[Corpora-List] Teaching corpora for romance languages

From: Carlos Rodriguez (crodriguezp@gmail.com)
Date: Tue Apr 26 2005 - 16:25:20 MET DST

  • Next message: Raza Shahid: "[Corpora-List] Arabic Phoneme Segmentation"

    Hi all,
    I am trying to coordinate compilation, adaptation and licencing of
    various language resources (corpora, treebanks, ontologies) for
    non-commercial use in teaching computational linguistics and Natural
    Language Processing programming techniques in Romance languages, using
    the Natural Language ToolKit (NLTK, at http://nltk.sf.net, is a
    Python-based plattform that already provides with its processing
    modules, for didactic purposes, sample data for English from the Brown
    corpus, the Penn treebank, among other sources ). We will soon have
    available some Spanish and Catalan datasets, interfases and tutorial
    translations, but will be great to have also Portuguese, French,
    Italian, and so on.

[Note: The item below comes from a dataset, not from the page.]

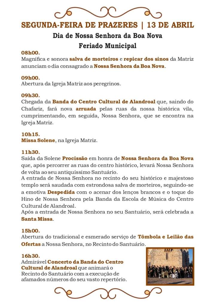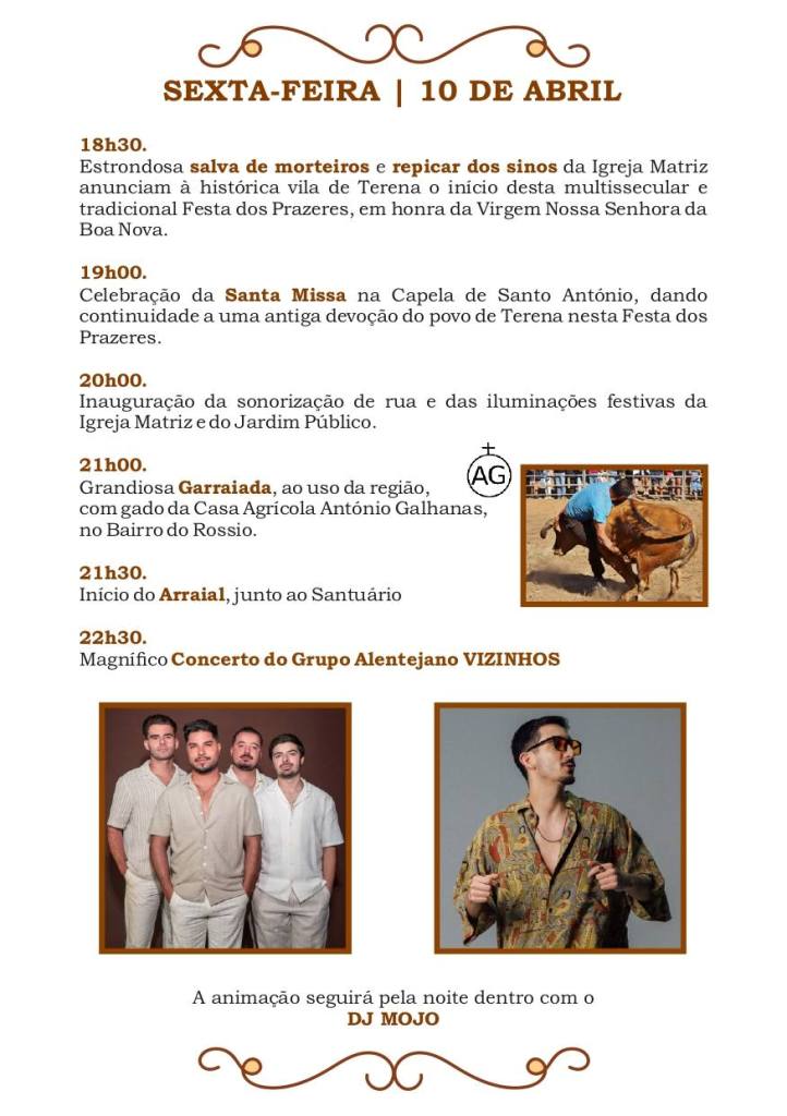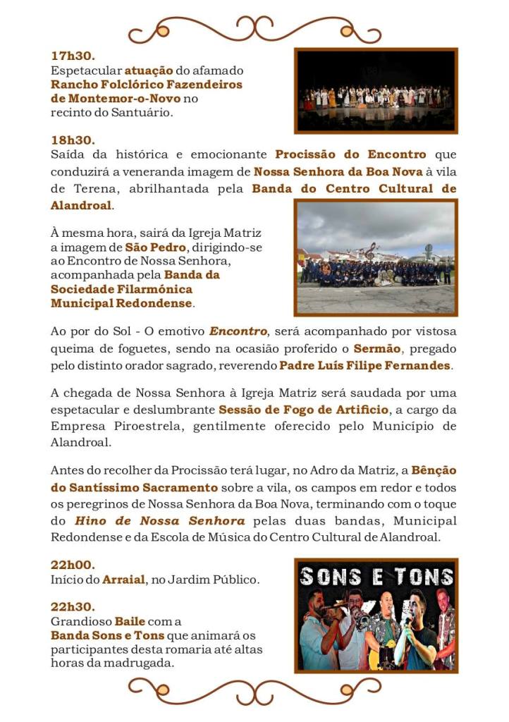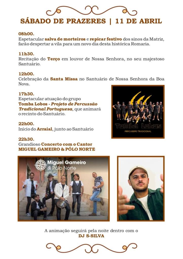 “Os dias mais consagrados à Senhora da Boa Nova serão o domingo e a segunda-feira, que é o feriado municipal do concelho de Alandroal. Já no dia da abertura, sexta-feira, temos o grande concerto dos Vizinhos, uma banda muito conhecida na atualidade, e no sábado temos o Miguel Gameiro com os Pólo Norte”, refere desde logo o juiz da Confraria, Nuno Pereira.

There is a gap in these teaching resources for
    languages other than English, and this initiative can help fill it.
    If anyone is interested in providing and licensing corpora and other
    resources (formatted in internationally and scientifically-accepted
    standards), please contact me at CRodriguezP@gmail.com.

    Thanks,

    Carlos Rodríguez
    -----------------
    IIMAS-National Autonomous University (Mexico)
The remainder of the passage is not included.